---------- INPUT DATA ----------

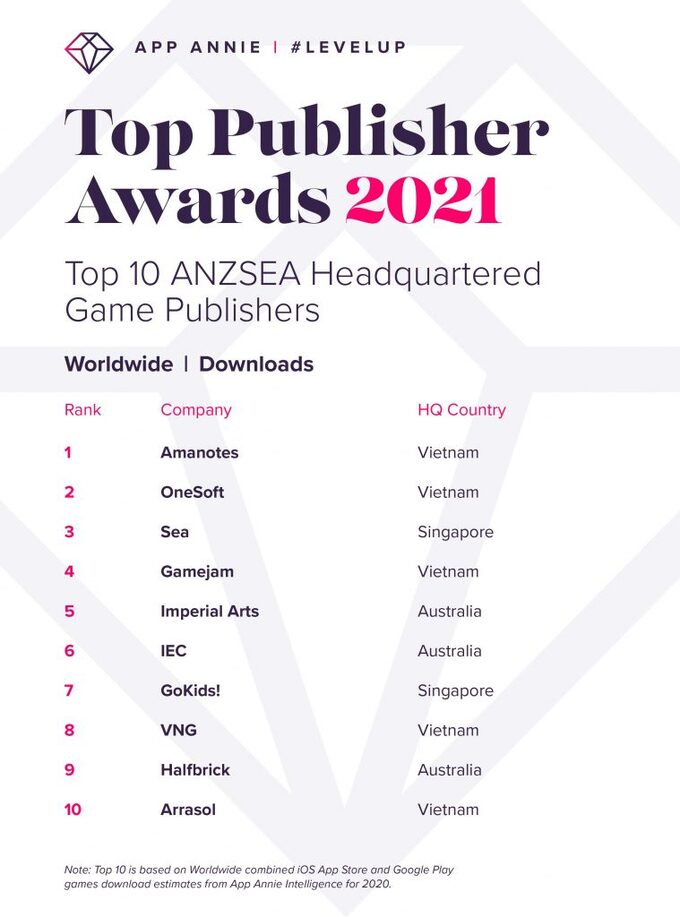 Thống kê của App Annie - công ty phân tích và dữ liệu di động uy tín bậc nhất hiện nay - đánh giá Việt Nam là thị trường lớn khi vừa là nơi đặt trụ sở của các nhà phát hành trò chơi và ứng dụng, vừa có người tiêu dùng ưu tiên thiết bị di động. Quốc gia này là quê hương của 5 trong số 10 nhà phát hành trò chơi hàng đầu tại ANZ SEA (Australia, New Zealand và Đông Nam Á). Các công ty game Việt Nam cũng đứng thứ 7 trong bảng xếp hạng lượt game được tải nhiều nhất thế giới. "Cứ 25 game được tải, có một game do công ty Việt Nam sản xuất", báo cáo của App Annie nhấn mạnh.
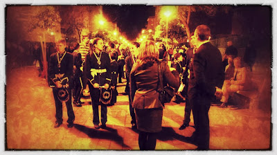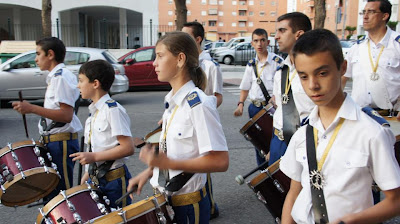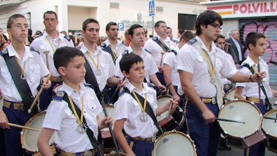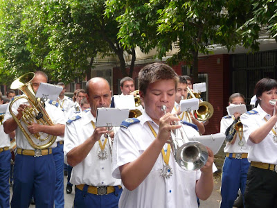 Santiago. Puntuales, como debe de ser, la banda Municipal de La Algaba
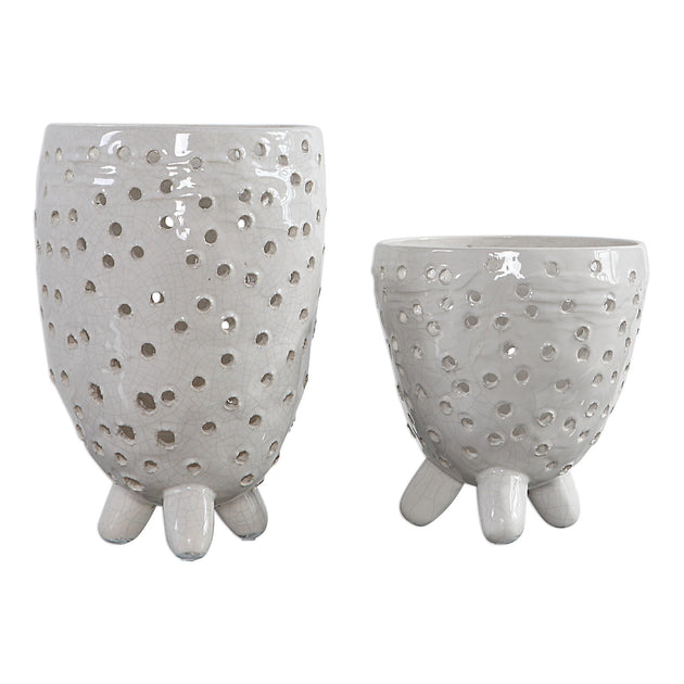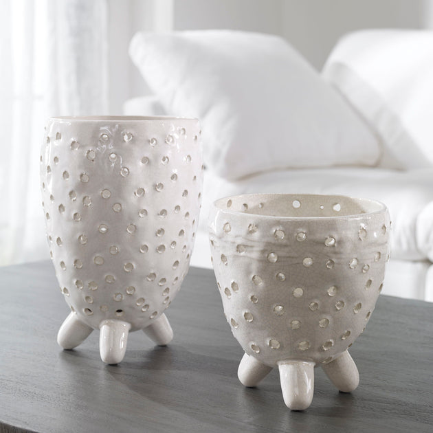 Sara Textured Ceramic Vases (Set of 2) Gray

----------

When you write out the material, keep every line exact and leave out each picture.

 Thống kê của App Annie - công ty phân tích và dữ liệu di động uy tín bậc nhất hiện nay - đánh giá Việt Nam là thị trường lớn khi vừa là nơi đặt trụ sở của các nhà phát hành trò chơi và ứng dụng, vừa có người tiêu dùng ưu tiên thiết bị di động. Quốc gia này là quê hương của 5 trong số 10 nhà phát hành trò chơi hàng đầu tại ANZ SEA (Australia, New Zealand và Đông Nam Á). Các công ty game Việt Nam cũng đứng thứ 7 trong bảng xếp hạng lượt game được tải nhiều nhất thế giới. "Cứ 25 game được tải, có một game do công ty Việt Nam sản xuất", báo cáo của App Annie nhấn mạnh.
 Santiago. Puntuales, como debe de ser, la banda Municipal de La Algaba
 Sara Textured Ceramic Vases (Set of 2) Gray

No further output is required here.